Language-specific data that describes a particular language.
Crosslingual data used by all languages (for example, semantic connections between concepts).

Language-Specific Data

Language-specific data stores are named according to the following convention: (language_code)-(data_store_name)

Language code: Based on ISO-639-1 language code standard, optionally including dialects.
Data store name: Structures stored.

Examples:

en-phrase: English phrasal patterns
fr-nondic: French nondictionary entity heuristics
zh_CN-phrase: Chinese (Simplified) phrasal patterns

Crosslingual Data Stores

These data stores used by all languages:

family
role
pragma

Important: All data stores for a language must reside in the same directory.

Partial Distribution

In order to conserve space or out of other considerations, it is possible to exclude languages or components from deployment.

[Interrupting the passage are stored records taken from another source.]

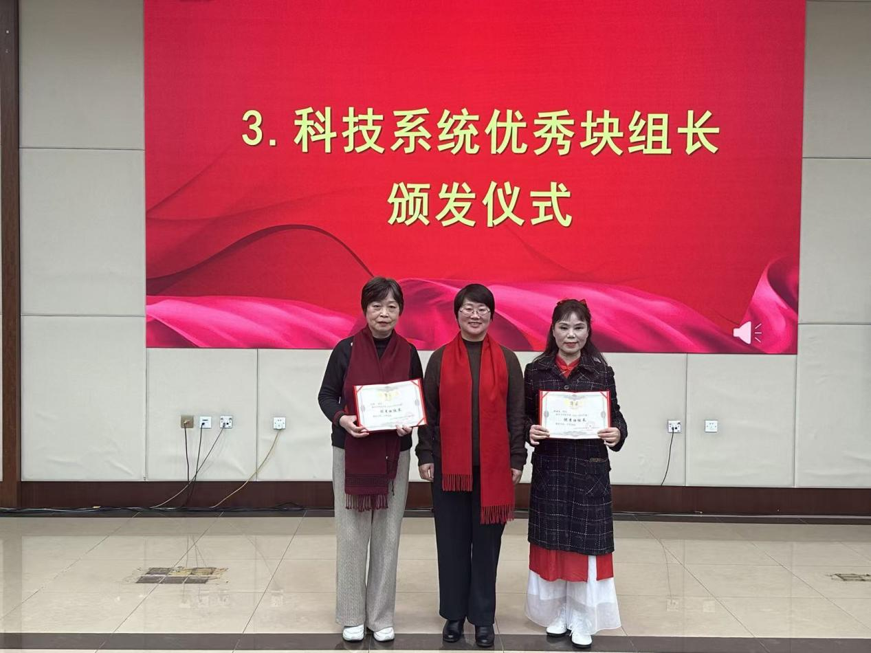 活动中举行了简朴而庄重的上海市科技系统优秀块组长表彰仪式。李晴暖为沈阳和程善兰两位退休职工颁发了荣誉证书,表彰他们在协助退管会联系服务工作中作出的积极贡献。
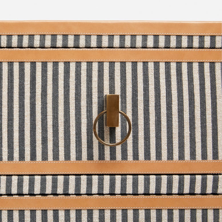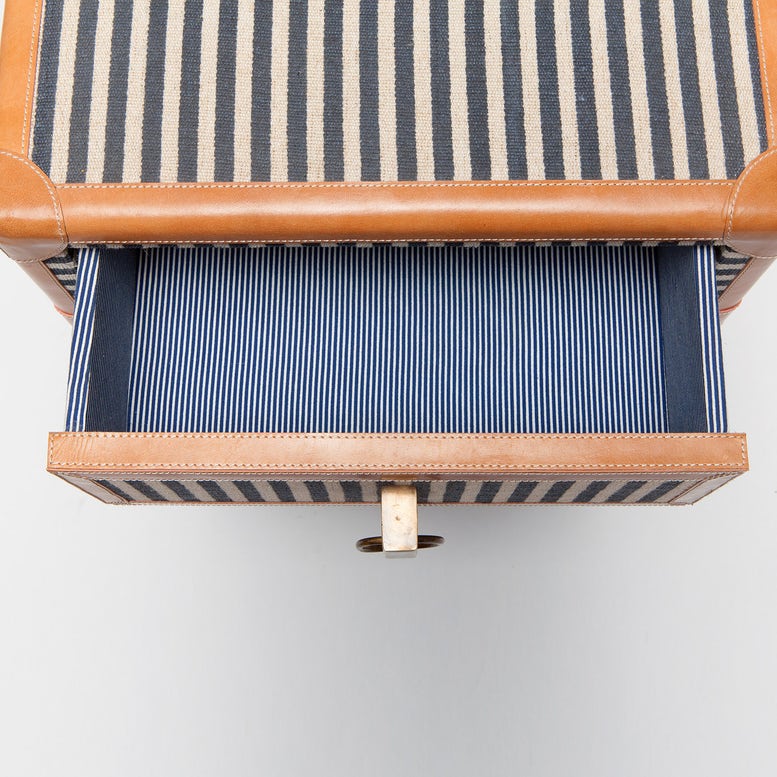 Elegant Finish: Finished in the captivating combination of BLUE STRIPED JUTE and AGED CAMEL FULL-GRAIN LEATHER, the nightstand exudes an air of casual refinement and timeless elegance.
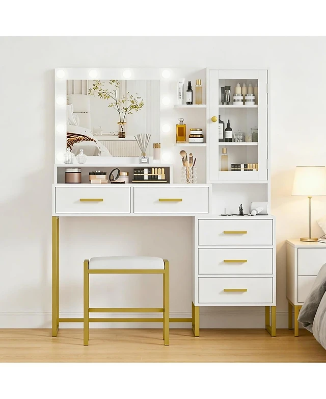Gaomon Large Makeup Vanity Set with Led Lighted Mirror, Stool, Shelves and Charging Station
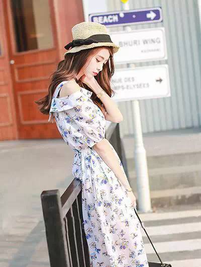 小清新风格的露肩印花裙,荷叶边装饰的领子,加上温柔的露肩设计,透着邻家女生的气息,很有淑女味道,收腰裁剪,中裙长度,上身美丽动人。
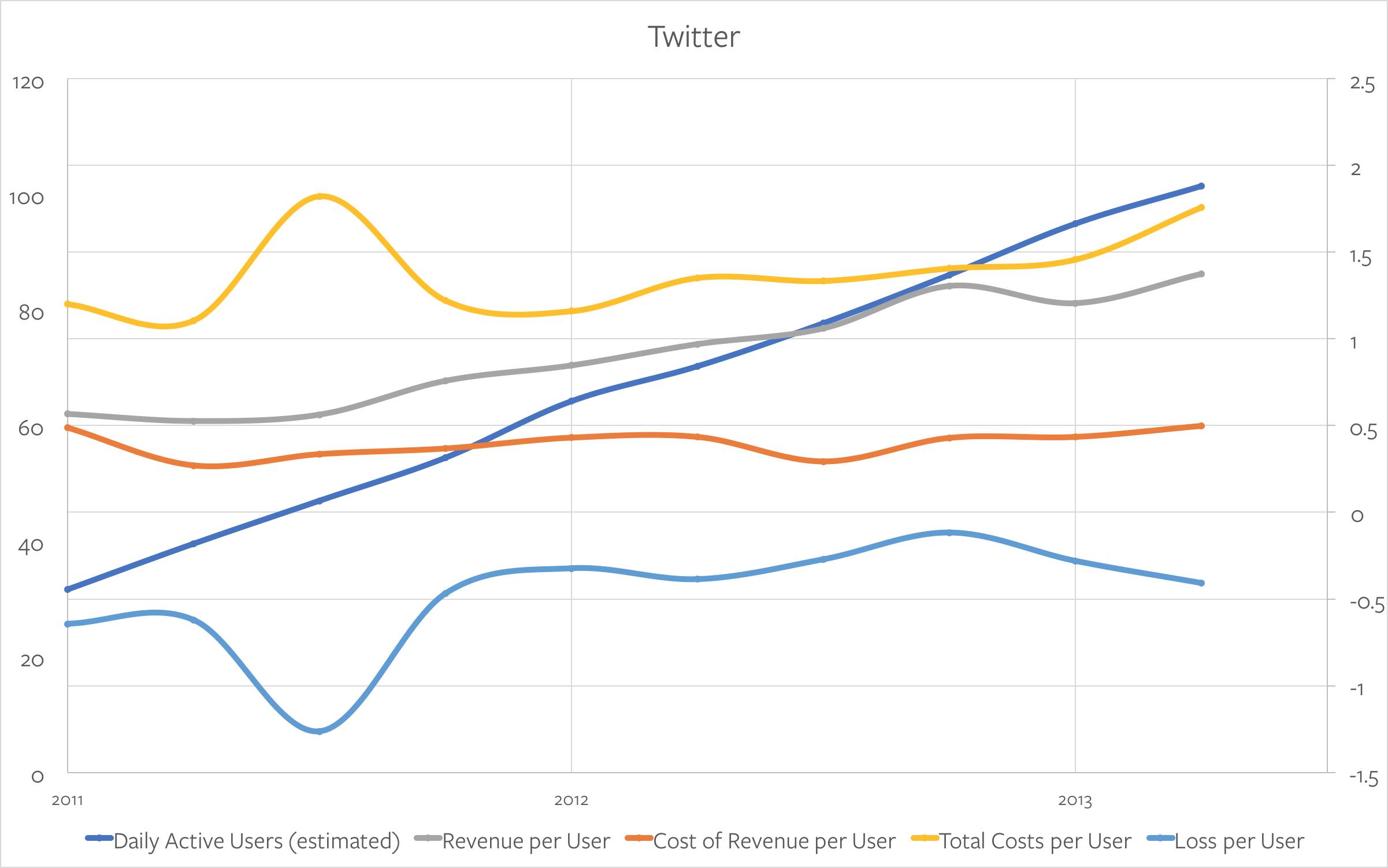 而IPO时候的Twitter,单用户收入成本基本持平,总成本高于Facebook。并且由于收购了MoPub,业绩在当时有一个短暂的提升。只要Twitter可以增加单用户的收入,或者是总用户数量,那么盈利就近在咫尺。如果两者都能做到,它也可以成为类似FB的社交巨头。
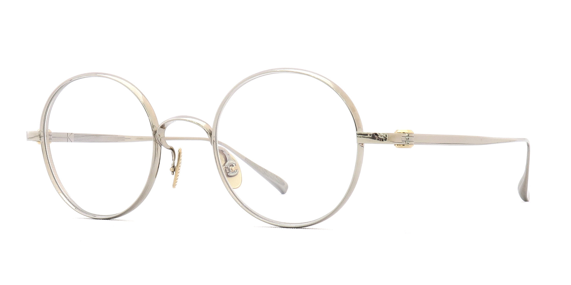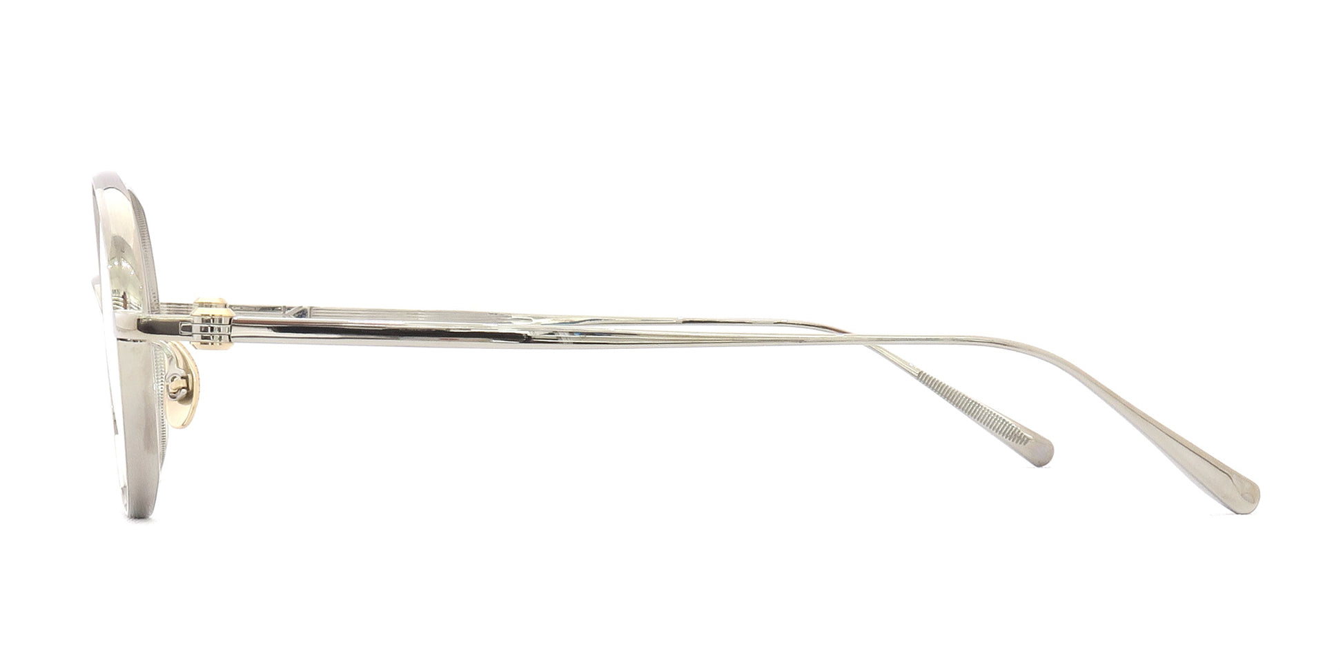 リム、テンプル外側の柔らかい丸みのあるラインと、チタンの質感が相まって、非常に美しい眼鏡と感じさせてくれます。
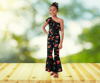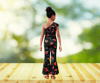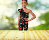 Girls Allover Floral Print One Shoulder Ruffle Trim Flare Leg Jumpsuit
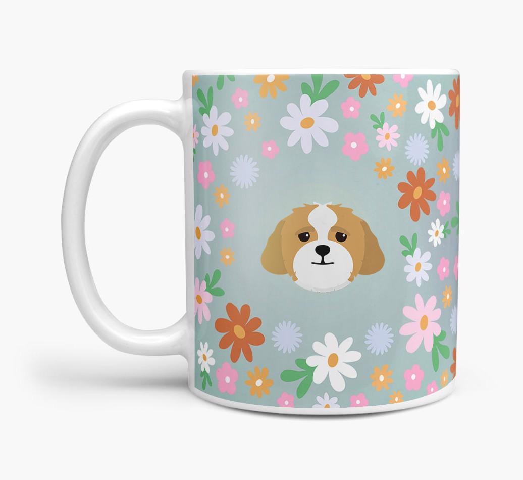 Featuring a colorful bunch of flowers, this mug is printed with the words 'woofly grandma' on one side of the mug and your Lhasapoo's cute icon on the other. Bloomin' lovely!
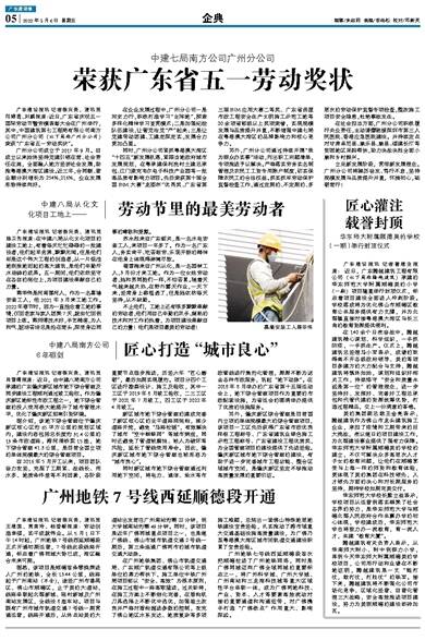 广东建设报讯 记者姜兴贵,通讯员王建国、贾美玲、杨登献报道:劳动创造幸福,实干成就伟业。从5月1日下午14时起,广州地铁7号线西延顺德段正式开通初期运营,7号线此段线路开通,标志着广佛同城大势已成,湾区融合未来可期。
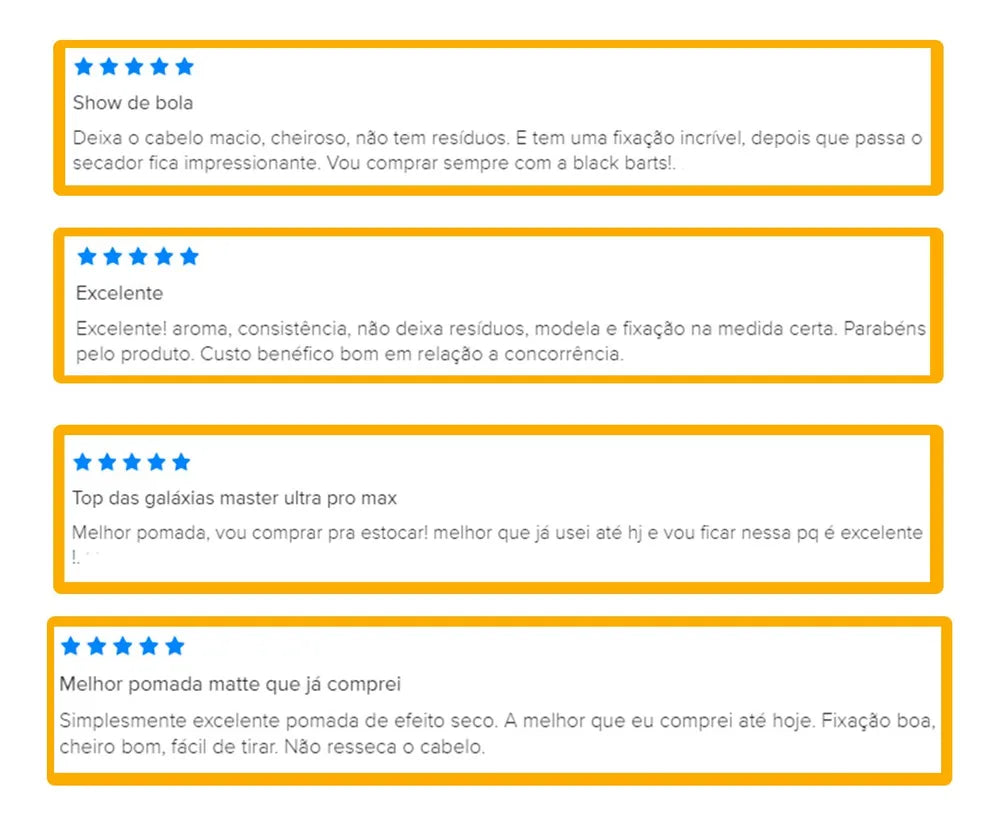 - Coloque a quantidade necessária (de acordo com o tamanho e volume do seu cabelo) de Pomada Black Barts® na palma das mãos e espalhe. Em seguida, aplique sobre o cabelo úmido ou seco e então modele com seu penteado favorito. É de simples aplicação e sai fácil com água, além de não deixar resíduos que possam incomodar visualmente.
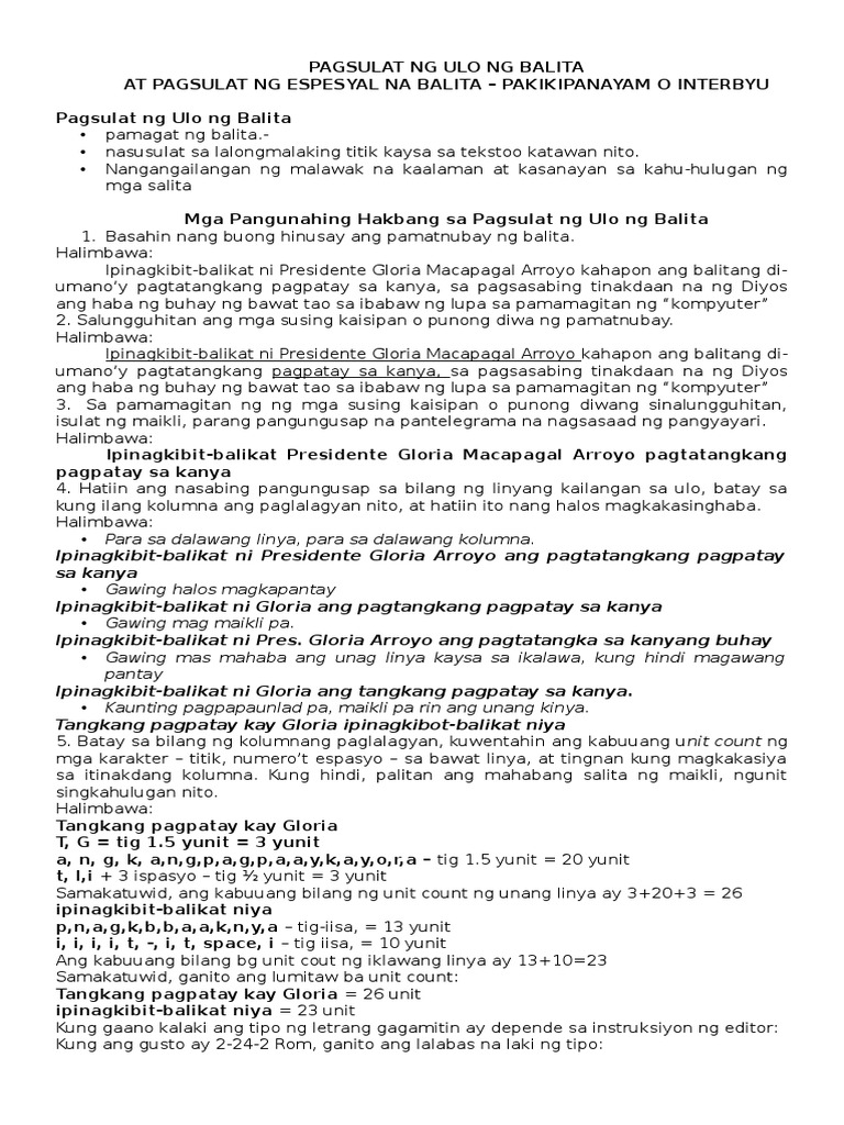 Ano ang mga hakbang sa pagsulat ng balita o komentaryo. Halimbawa ng Balita. Talataan sintaks pagpili ng mga salita ispeling bantas at gamit ng malaking titik at kabuuan. Karaniwang naiiwan ang mahalagang pananaw ng kinapanayam na makatutulong nang malaki.

Providing Selected Languages Only

To include only specific languages, identify the appropriate language codes (e.g., en, de, zh_CN) and include the corresponding language-specific data stores along with the three shared data stores (family, role, pragma).

Providing Partial Functionality

Stores xx-famlex and xx-famphrase are used for translation only, and can be excluded from distribution if Tisane is not used for translation.

spellchecking

Spellchecking data is stored under xx-spell stores. If omitted, spellchecking will not work.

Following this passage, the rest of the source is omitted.